Optimizing page loads means optimizing transfer times. Transfer time is a function of bandwidth and size.

So, your brand new app talks to your server using JSON files, huh? Did you stop to think that JSON grows with the number of characters it contains?

Even a big number such as 981282348613667519 takes only 8 bytes in memory. But in your favorite text format (JSON, XML, and the like), it takes 19 bytes, almost 3 times as much. So, if you want to optimize your app's speed, a low hanging fruit might be to look at ways to transfer as little as possible.

Other areas of mathematical interest for CS people

Geometry, of course. As long as you put pixels on a screen and have a coordinate system in your user inputs (touch, click, etc), you need your trigonometry.
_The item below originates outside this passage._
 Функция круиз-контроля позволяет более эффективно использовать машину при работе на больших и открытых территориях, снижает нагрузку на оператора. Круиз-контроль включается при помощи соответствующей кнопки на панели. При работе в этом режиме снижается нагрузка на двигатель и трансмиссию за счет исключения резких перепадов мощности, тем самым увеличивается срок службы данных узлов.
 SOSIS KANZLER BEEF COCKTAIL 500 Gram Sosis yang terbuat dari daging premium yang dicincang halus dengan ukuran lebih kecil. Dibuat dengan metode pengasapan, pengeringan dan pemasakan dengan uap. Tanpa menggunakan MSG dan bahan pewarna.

Dealing with animations and vector graphics means having a basic grasp of Bezier curves, and a tiiiiiiiny teeeeeeeeny bit of taste for derivative and tengents.
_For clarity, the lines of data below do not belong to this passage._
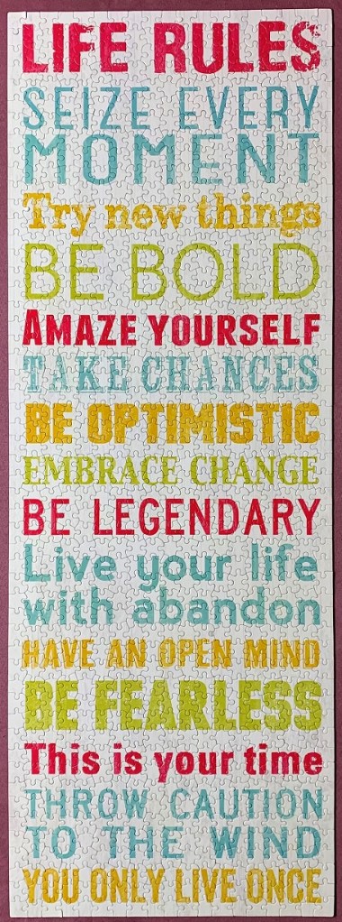 I always love having words to assemble in a puzzle, but when the words are basically the whole image – or even when they’re just very large – it can become quite difficult. All the pieces are basically just the background color, and the color of the letter. And there were only four colors in this image, each color was used multiple times for their own set of words. It was quite the challenge.
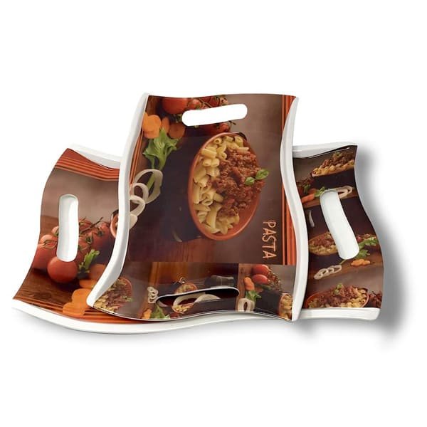 SND Homes Crystal Melamine Serving Tray, Set of 2 (Multicolor, White, Medium and Large Size) Vista Series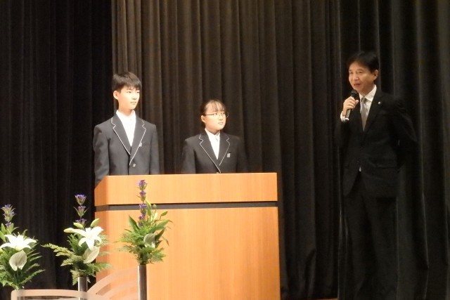 宿泊学習で訪れた沖縄で学んだことや一宮市内小中学校に残る戦争遺構について発表しました。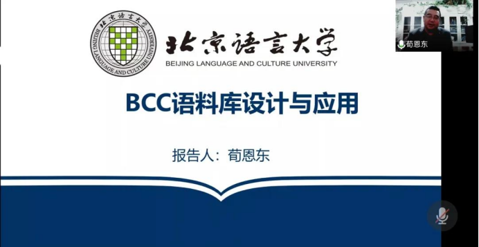 2021年10月29日,北京语言大学信息科学学院院长,语言智能研究院院长荀恩东教授应邀为今年会jinnianhuicom带来题为“BCC语料库设计及应用”的精彩讲座,此次讲座也是今年会语言学研究中心组织的“智能时代的语言学研究系列讲座”第1讲,讲座由今年会jinnianhuicom卞建华院长主持,外院师生、“英语大数据虚拟教研室”成员单位以及其他高校师生200余人线上参加,2019级英语大数据班本科生和部分语言学研究生线下集中听讲学习。

If, for some reason, you need to deal with audio, or any other kind of "waveform", you'll get by a lot better by knowing the basics of Fourier transformation, which, I'll freely admit, hurt my brain really badly when I was learning about them. But you only need to know what they do, not how they work, for most uses we developers have to deal with. Don't let the scary formula scare you, it's just numbers, and no one asks you to prove they work on a mathematical level. If someone is asking that of you, then I hope maths is your thing.

Any kind of modern compression leans heavily on difference stuff, and yes, it helps to have some knowledge in differential mathematics (a.k.a. looking at the evolution of the rate of change). Again, this is a biiiiiiiiiiig and scary field of mathematics to most, but CS can use a fraction of its core concepts to make things work better for us.

If you do 3D, then you live and breathe topology, as well as quaternions, and projection, and there's little I can do for you. Of course, projection stuff is kind of a database thing as well, so if you're doing heavy-duty SQL stuff, you should probably read up on that too.

Machine-learning, and all the other dataset manipulation techniques out there, rely mostly on statistics and algebra.

You said maths != CS

I did. In all of these cases above, the simple fact that we just take the infinity away makes it all a lot simpler in some cases, and a bit more complicated in others.

Knowing about the maths that idealize our problem gives us an interesting perspective to work with, but the fact we don't have the luxury of "etc ad infinitum" makes most of the maths we take inspiration from too broad for us to use directly. We only need special cases, we only use a subset, we only take a specific branch of a field.

It's kind of like our instinct that tells us that if we launch a ball straight up in the air, and there's some wind, it might not land exactly where it started from. If we have general knowledge of certain fields of mathematics, we can see the path we expect the ball to take more accurately. We just don't need to know the whole field of fluid dynamics and newtonian physics to compensate for it, just their general trends.